Native Human SP-A From Bronchoalveolar Lavage Fluids of AP and Healthy Subjects
Bronchoalveolar lavage fluids (BALFs) were obtained from AP patients undergoing therapeutic lavage and from nondiseased lungs obtained through collaboration with The Gift of Life Donor Program (Philadelphia, PA). The protocol was approved by the Penn State College of Medicine Institutional Review Board. The lungs of AP patients were lavaged with several liters of 0.9% saline (10–15 liter/lung). The first lavage of ∼1 liter was frozen and shipped to Penn State for SP-A isolation from the Cleveland Clinic Foundation. Each donor lung (routinely the left lung) was lavaged with 1 liter of 0.9% saline, and the lavage fluid was collected for purposes of this study. BALFs were centrifuged at 150 g for 10 min to obtain cell-free BALF, and human SP-A was purified using the butanol extraction method, as previously described (31).
Quantitative ELISA Analysis With SP-A1-Specific Antibody (IgY)

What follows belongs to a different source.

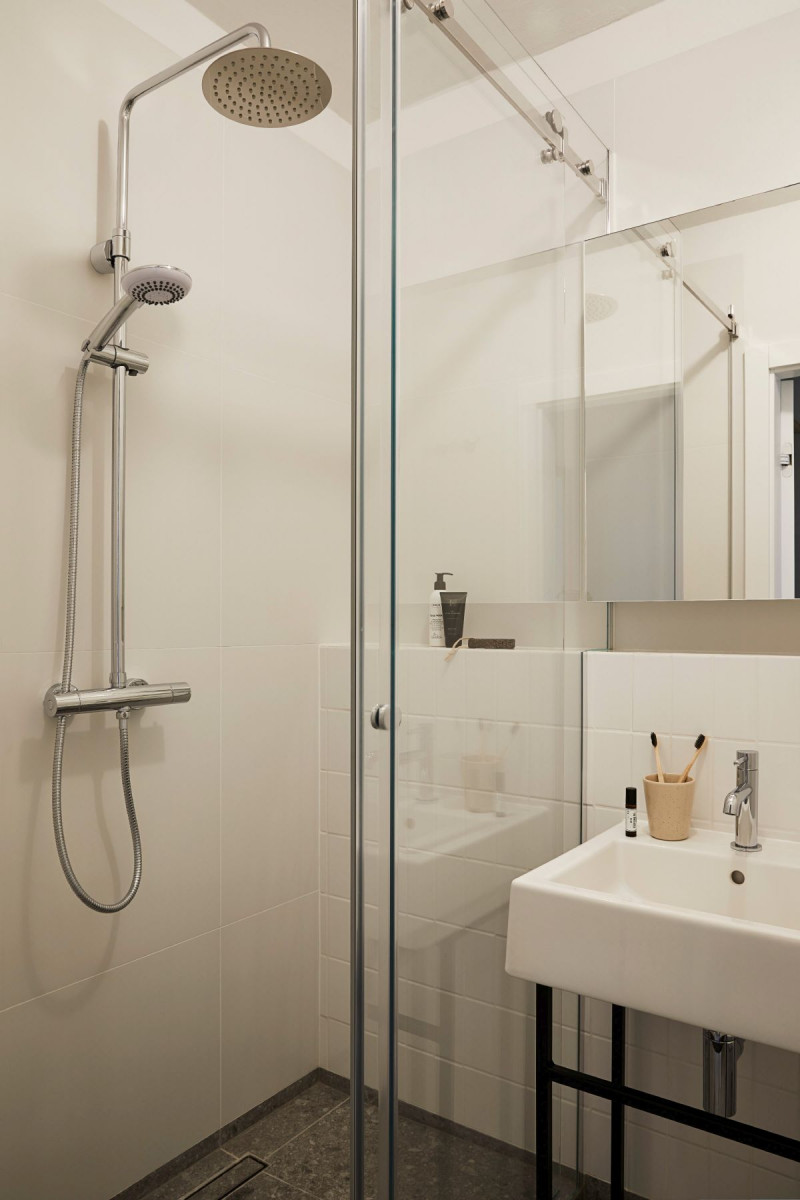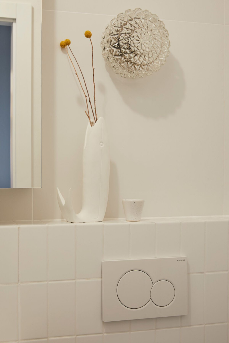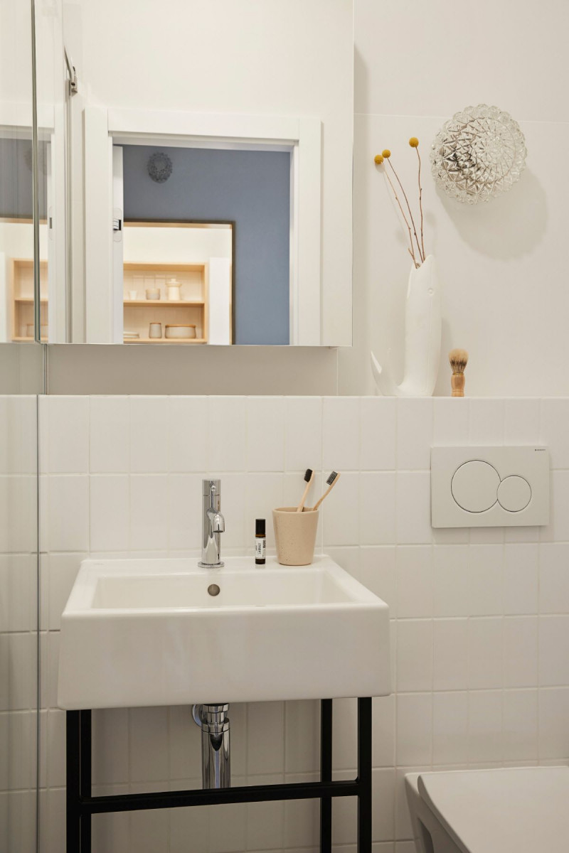 Pomieszczeniem, które przeszło największą metamorfozę jest łazienka. Przed remontem była urządzona skromnie – ze starą wanną na nóżkach, sedesem ze spłuczką, ścianami wykończonymi kilkoma rzędami płytek, lamperią z farby i z lastryko na podłodze. – Podczas projektu ważne dla nas było hasło „less waste”. Zadbałyśmy o to, żeby część wyposażenia po odświeżeniu można było ponownie wykorzystać, a zbędne rzeczy – sprzedać lub oddać. Zachowałyśmy oryginalny drewniany parkiet ułożony w tzw. pasy łowickie, a także kilka drobiazgów. Chciałyśmy także zostawić starą, żeliwną wannę, ale młodzi lokatorzy woleli prysznic – opowiadają Jola Skóra i Anna Olga Chmielewska. Łazienka zmieniła się nie do poznania. Znalazły się tutaj sprzęty lekkie wizualnie o nowoczesnych, prostych formach – umywalka KOŁO Twins zamontowana na stalowej konsoli. Ta kolekcja umywalek to ukłon w stronę modernistycznej stylistyki. Jej geometryczne kształty i elegancka symetria dodają łazience charakteru. W łazience pojawia się także podwieszana miska WC Koło Modo Rimfree, która z łatwością dopasowuje się do wnętrza o każdym metrażu, zajmując zdecydowanie mniej miejsca niż miska stojąca. Miska zawieszona jest na stelażu podtynkowym Geberit. Dzięki takiemu dobraniu elementów wyposażenia niewielka przestrzeń, oprócz tego, że zyskała na komforcie, wydaje się także wizualnie większa. Zabudowa stelaża toalety pełni funkcję półki na akcesoria, a nad nią została umieszczona szafka łazienkowa z lustrem. Kryształowy kinkiet w łazience to jeden z elementów wyposażenia mieszkania, które zostało po poprzednich właścicielach.

Following informed consent, the CF and noncystic fibrosis (NCF) BALFs were collected from children undergoing diagnostic bronchoalveolar lavage. The protocol was approved by the Penn State College of Medicine Institutional Review Board. The CF patients had various types of positive cultures, with the majority being P. aeruginosa. However, other organisms, including Staphylococcus aureus, Candida species, and others were isolated. The NCF patients were very heterogeneous and had many types of infections. These patients were representative of a wide variety of pediatric patients who undergo bronchoscopy for clinical reasons. The BALF samples were collected and immediately centrifuged, aliquoted, and frozen at −20°C. Total cell and differential cell counts, as well as the assessment of bacteria, fungi, or viruses, was performed for each sample.
ELISA conditions were optimized for SP-A1 and SP-A antibodies so that the ratio of SP-A1/SP-A was equal to 1 when in vitro-expressed SP-A1 (6A2) proteins and total SP-A from BALF of known concentrations were used as standards. Plates coated with 100 μl/well of antigen, made from a mixture of 5 μl of BALF [healthy subjects (HS), AP, CF, and NCF] diluted in 995 μl of coating buffer, were incubated overnight at 4°C. Plates were then washed four times with PBS/0.5% Tween and blocked in the same solution for 1 h at RT. One-hundred microliters of antibody at a concentration of 10 μg/ml for the SP-A1 or at 33 ng/ml for the SP-A antibody were added per well and incubated at 37°C for 1 h. Following incubation, plates were washed four times with PBS/0.5% Tween. A secondary antibody of either goat anti-chicken horseradish peroxidase (HRP) conjugate for SP-A1 or goat anti-rabbit IgG HRP conjugate for SP-A at a 1:2,500 dilution was added to the respective plates and incubated at 37°C for 1 h. Following a final wash with PBS/0.5% Tween, plates were color developed with O-phenylene diamine dihydrochloride, the reaction was stopped with 2.5 M sulfuric acid, and optical density was measured at 490 nm.
Immunoblot of SP-A1 and Total SP-A
SDS-PAGE was performed as previously described (49). In vitro-expressed mammalian cell SP-A variants and human SP-A from BALF were subjected to electrophoresis under reducing conditions. The samples were dissolved in buffer containing 0.1 M DTT, 1.0 M 2-mercaptoethanol, 2% SDS, 0.1 M Tris·HCl (pH 6.8), and 10% glycerol, denatured at 95°C for 5 min and run on a 10% polyacrylamide gel at 90 V for 1 h (Bio-Rad, Hercules, CA). Proteins were transferred from the gel onto 0.2-μM pore size polyvinylidene difluoride membranes (Bio-Rad), blocked for 1 h with 3% nonfat dry skimmed milk in Tris-buffered saline (TBS), and washed with TBS containing 0.05% Tween. Blots were incubated overnight with a concentration of 10 μg/ml SP-A1 antibody (IgY) and 50 ng/ml human SP-A antibody. Goat anti-chicken (IgY) HRP-conjugated secondary antibodies (Santa Cruz Biotechnology, Santa Cruz, CA) for SP-A1 at 1:5,000 dilution and goat anti-rabbit (IgG) HRP-conjugated secondary antibodies (Santa Cruz Biotechnology) for SP-A at 1:5,000 dilution were used. Blots were exposed to X-ray film (Kodak, Rochester, NY), and antibody binding was localized by enhanced chemiluminescent detection.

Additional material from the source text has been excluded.